Selasa, 24 Januari 2012

Diari Cinta Anak SMA (Cerpen)



http://iwaza.files.wordpress.com/2011/02/2051-gita_cinta_dari_sma.jpg?w=500Pagi hari itu langit cerah. Langit membiru berpadu indah dengan guratan-guratan kuas Sang Pencipta yang menciptakan  awan putih nan berseri, memancar terang karena mentari. Ku pandangi juga bangunan sekolah dan lingkungannya yang asri, kontras dengan warna langit. Mataku terasa teduh dan hatiku terasa bebas. Apalagi hari ini guru favoritku akan mengajar di kelasku. Senangnya! Aku tak sabar menyerap ilmu yang disampaikannya lewat senyumannya yang manis. Amboi, andai semua guru seperti itu.
Aku siswa SMA kelas 1 di sebuah sekolah negeri di Bandung. Aku gadis remaja yang bisa dikatakan cukup cerdas. Sejak SMP aku sering mendapat juara kelas, 10 besar. Wajahku pun, kata orang-orang sih “cantik”. Ah, PDnya diriku ini.hehe Tak apalah. Percaya diri itu bagus loh, “asal jangan kepedean”.hehe Sampai saat ini aku belum punya pacar. Karena memang aku belum berniat untuk pacaran, meski ada sih rasa-rasa ingin pacaran seperti teman-temanku yang lain. Tapi, aku terlalu khawatir. Lagian aku ingin serius dulu belajar. Biarkan orang lain suka, senang, cinta padaku. Yang pasti saat ini aku belum inginpacaran.
Hari-hariku jadi semakin berbeda. Tahukah kau kenapa? Di sekolahku ada mahasiswa-mahasiswa yang praktik mengajar. Ada salah satu mahasiswa cowok. Duh, pertama kali meliat tampilannya aku langsung terpesona. Selama ini aku jarang melihat lelaki muda yang berpenampilan dan berlaku laiknya orang dewasa seperti dia. Apa ini yah yang namanya cinta?

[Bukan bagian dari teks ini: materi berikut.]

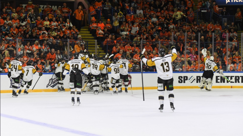 Panthers beat arch-rivals Sheffield Steelers over two legs, with a 3-0 victory followed by a 5-4 overtime victory.
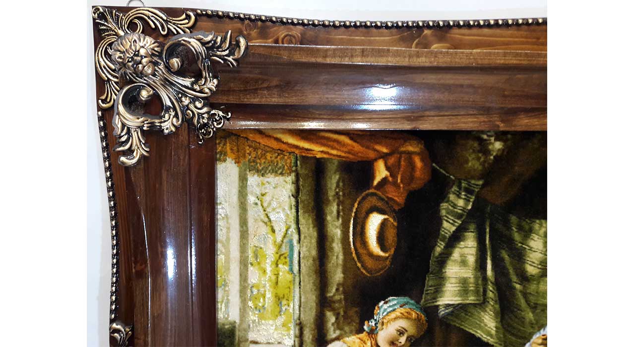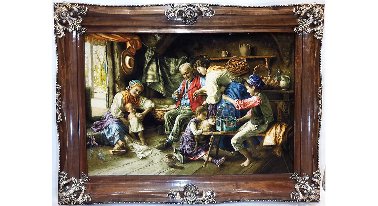 خانهتابلوفرش دستبافت تابلو فرش گل ابریشم طرح کانون گرم خانواده کد 13
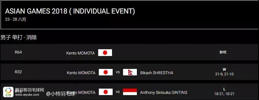 一位不知名的小哥。那时的桃田,还没有现在这么恐怖。好像是亚运会以后,信心大增,开启连胜模式

Semakin lama ku memperhatikan dan  berinteraksi dengannya, perasaan kagum itu semakin kuat saja. Dia mengajar di kelasku.  Jadi kau bisa bayangkan bagaimana hati ini tak merekah bergairah, saban hari yang ia tampilkan hanyalah kebaikan di mataku. Apalagi ketika ia memanggil namaku, katanya “Nah, Lia yang cantik dan baik hati, bisa kau isi soal nomor delapan?” Aduhai kawan, bahagianya hatiku. Hati ini merasa kalau dia sungguh memperhatikan aku. Rasa-rasanya, aku ingin sekali memiliki dia.

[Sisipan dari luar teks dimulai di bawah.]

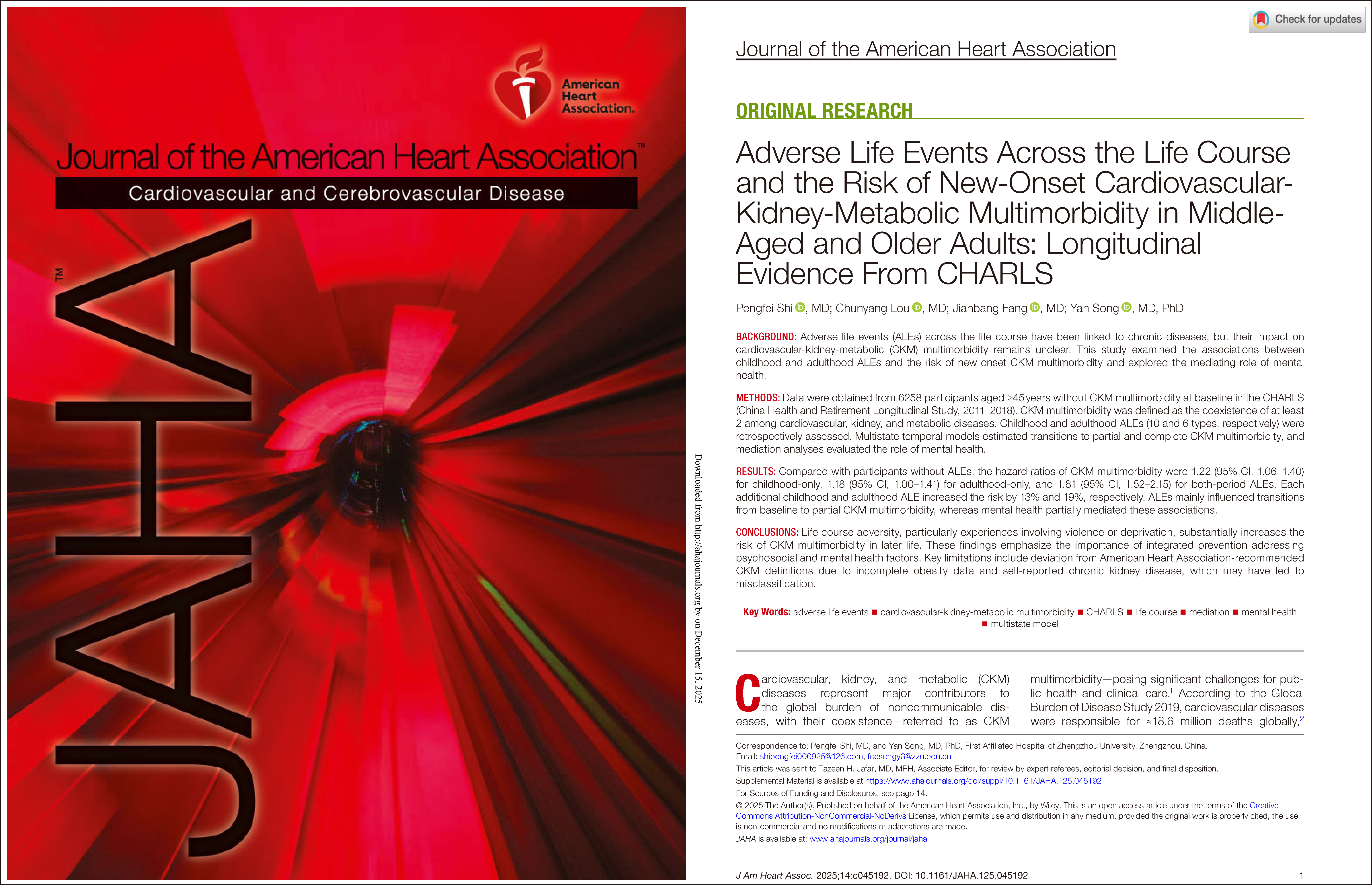 相关研究成果以“Adverse Life Events Across the Life Course and the Risk of New-Onset Cardiovascular-Kidney-Metabolic Multimorbidity in Middle-Aged and Older Adults: Longitudinal Evidence From CHARLS”为题,发表于美国心脏协会(AHA)主办的国际心血管领域权威期刊《Journal of the American Heart Association》上。best365英国在线体育官网第一附属医院血管外科宋燕教授为本文通讯作者、2023级硕士研究生石鹏飞为第一作者。该研究获得河南省自然科学基金等项目的资助。

Tapi aku bingung. Tak pantas rasanya seorang murid jatuh cinta kepada gurunya. Lagian apakah dia juga mau denganku yang masih bau kencur ini. Ah, setidaknya aku ingin dia tahu kalau aku suka dia. Oh my God, help me please! Aku punya nomor handphonenya. Kalau aku mau, kuungkapkan saja perasaan ini melalui sms. Tapi itu konyol. Mau disimpan dimana mukaku jika saja dia cuek atau lebih dari itu mengubah sikapnya kepadaku ketika mengajar di kelas. Ah, cinta ini membunuhku. Kenapa harus dia. Kenapa tidak yang lain, temanku yang sebaya. Kenapa hati ini begitu mengaguminya?

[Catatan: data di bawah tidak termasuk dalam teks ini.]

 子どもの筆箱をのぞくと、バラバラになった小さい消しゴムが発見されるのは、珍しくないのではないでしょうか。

Meski perasaan ini sudah dalam. Aku tak mau jika perasaan ini membuat hidupku berantakan. Aku bukan orang bodoh yang dengan cinta membuatku lalai dengan tugas-tugasku. Kujalanai hari-hariku di sekolah bersama teman-teman seperti biasa. Tapi tetap saja, rasa kagumku, atau mungkin cinta, kepada guru favoritku itu belum juga padam. Biarlah dia jadi penyemangat hidupku. Mungkin saja Tuhan sedang mengujiku di usia remaja yang labil ini. Mungkin juga Tuhan ingin menguji keseriusanku dalam belajar. Terimakasih Tuhan, di tengah-tengah perasaan cinta yang menggebu ini, kau masih membiarkan pikiranku berjalan sebagaimana mestinya. Aku tak mau buta karena cinta.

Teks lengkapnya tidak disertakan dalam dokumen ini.